> **INSTRUCTIONS FOR THE TASK**: Once you reach the line with "This is somewhat" in the material below, copy each line exactly up to and including the line with "Kriteria uang rupiah", and skip the pictures.

> **RECORDS TO USE**:
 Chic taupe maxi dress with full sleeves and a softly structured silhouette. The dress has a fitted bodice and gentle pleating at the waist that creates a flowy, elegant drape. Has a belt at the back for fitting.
==
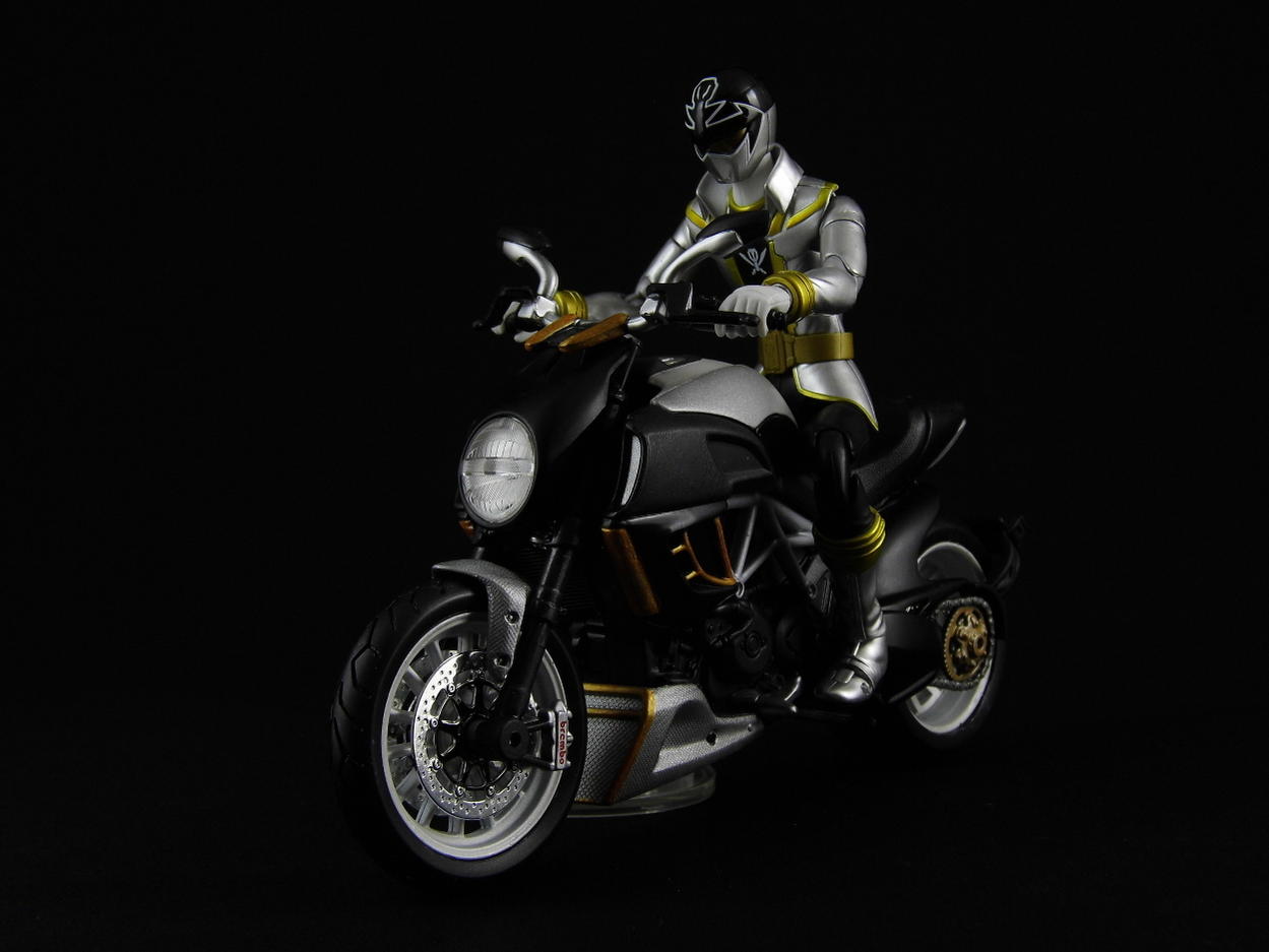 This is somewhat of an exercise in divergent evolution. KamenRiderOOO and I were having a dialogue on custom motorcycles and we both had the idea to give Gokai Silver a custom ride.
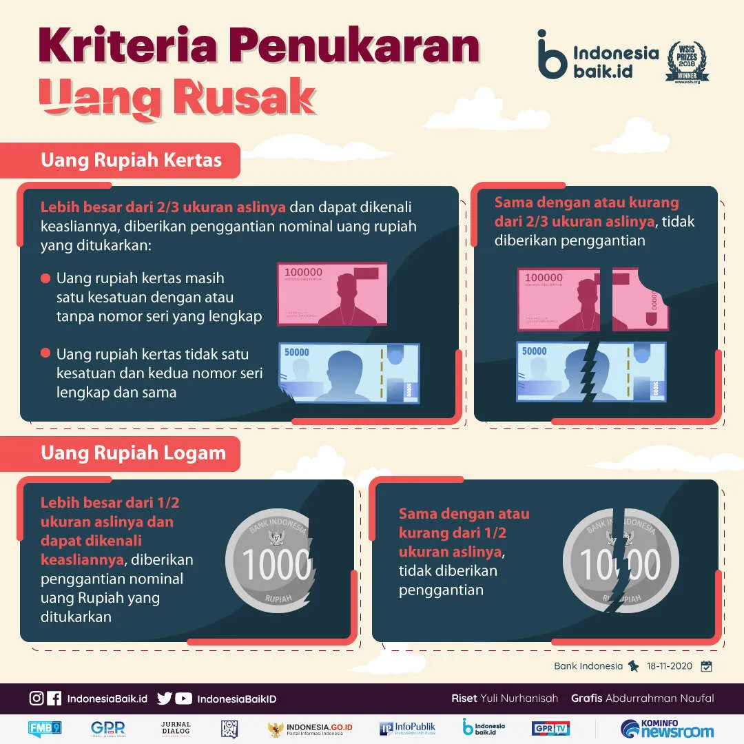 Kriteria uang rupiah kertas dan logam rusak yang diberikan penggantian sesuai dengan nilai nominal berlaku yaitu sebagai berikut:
* * *
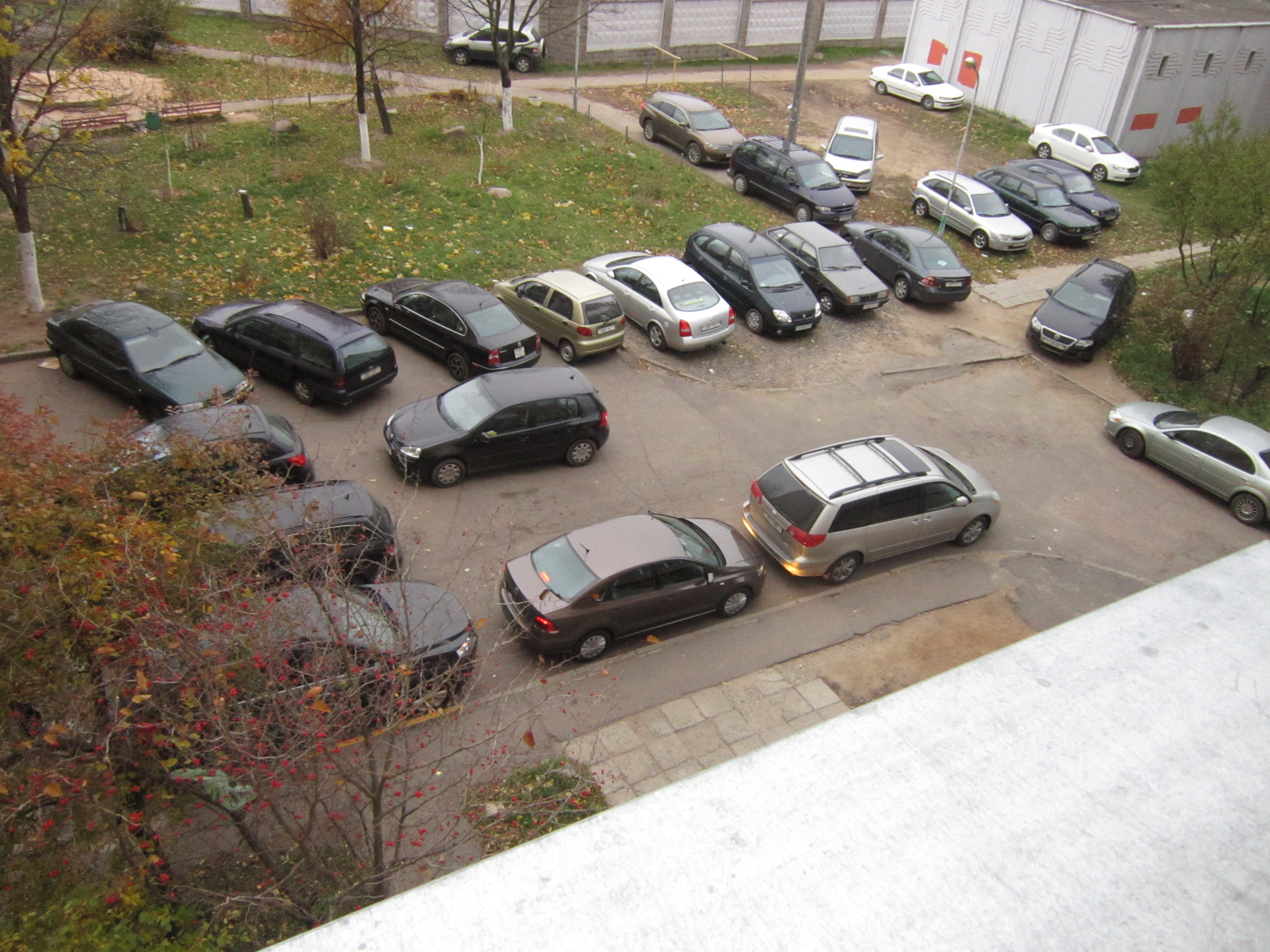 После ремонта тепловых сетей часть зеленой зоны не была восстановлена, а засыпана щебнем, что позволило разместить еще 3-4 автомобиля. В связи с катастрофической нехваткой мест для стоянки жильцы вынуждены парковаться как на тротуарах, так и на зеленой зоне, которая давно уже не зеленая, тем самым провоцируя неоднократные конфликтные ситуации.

> **EXPECTED ANSWER**:
 This is somewhat of an exercise in divergent evolution. KamenRiderOOO and I were having a dialogue on custom motorcycles and we both had the idea to give Gokai Silver a custom ride.
 Kriteria uang rupiah kertas dan logam rusak yang diberikan penggantian sesuai dengan nilai nominal berlaku yaitu sebagai berikut:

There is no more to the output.